● TASK OBJECTIVE
For the records that follow, please set down exactly the lines between the one holding "盖世游戏内置了鸡哥全新开发的串流软件 PC Link" and the one holding "火箭瓶子游戏是一款充满趣味与", inclusive, and only those.

┌─ SUPPLIED DATA

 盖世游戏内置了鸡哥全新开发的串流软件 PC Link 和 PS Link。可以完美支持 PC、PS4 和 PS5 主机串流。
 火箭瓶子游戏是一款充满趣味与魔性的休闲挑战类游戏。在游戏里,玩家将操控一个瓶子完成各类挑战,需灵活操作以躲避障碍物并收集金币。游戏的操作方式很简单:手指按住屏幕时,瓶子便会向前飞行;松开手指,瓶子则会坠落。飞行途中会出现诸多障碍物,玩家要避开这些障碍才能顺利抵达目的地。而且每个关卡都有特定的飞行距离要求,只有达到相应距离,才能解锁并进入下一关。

└─
┌─ SUPPLIED DATA

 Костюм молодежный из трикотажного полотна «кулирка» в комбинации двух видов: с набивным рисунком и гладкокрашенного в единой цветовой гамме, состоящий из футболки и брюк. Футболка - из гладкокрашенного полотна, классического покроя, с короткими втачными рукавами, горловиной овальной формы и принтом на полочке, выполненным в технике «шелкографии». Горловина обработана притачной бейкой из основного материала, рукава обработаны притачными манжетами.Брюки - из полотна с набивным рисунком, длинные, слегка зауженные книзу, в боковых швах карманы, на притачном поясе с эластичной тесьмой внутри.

└─
┌─ SUPPLIED DATA

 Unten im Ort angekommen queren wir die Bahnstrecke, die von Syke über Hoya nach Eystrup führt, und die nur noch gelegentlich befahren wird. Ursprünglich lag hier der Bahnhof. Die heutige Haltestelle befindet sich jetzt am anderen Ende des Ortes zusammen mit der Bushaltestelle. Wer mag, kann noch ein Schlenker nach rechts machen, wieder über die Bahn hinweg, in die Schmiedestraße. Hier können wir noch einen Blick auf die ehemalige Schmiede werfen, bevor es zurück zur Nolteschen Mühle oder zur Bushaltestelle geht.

└─

● ANSWER TO THIS PROBLEM
 盖世游戏内置了鸡哥全新开发的串流软件 PC Link 和 PS Link。可以完美支持 PC、PS4 和 PS5 主机串流。
 火箭瓶子游戏是一款充满趣味与魔性的休闲挑战类游戏。在游戏里,玩家将操控一个瓶子完成各类挑战,需灵活操作以躲避障碍物并收集金币。游戏的操作方式很简单:手指按住屏幕时,瓶子便会向前飞行;松开手指,瓶子则会坠落。飞行途中会出现诸多障碍物,玩家要避开这些障碍才能顺利抵达目的地。而且每个关卡都有特定的飞行距离要求,只有达到相应距离,才能解锁并进入下一关。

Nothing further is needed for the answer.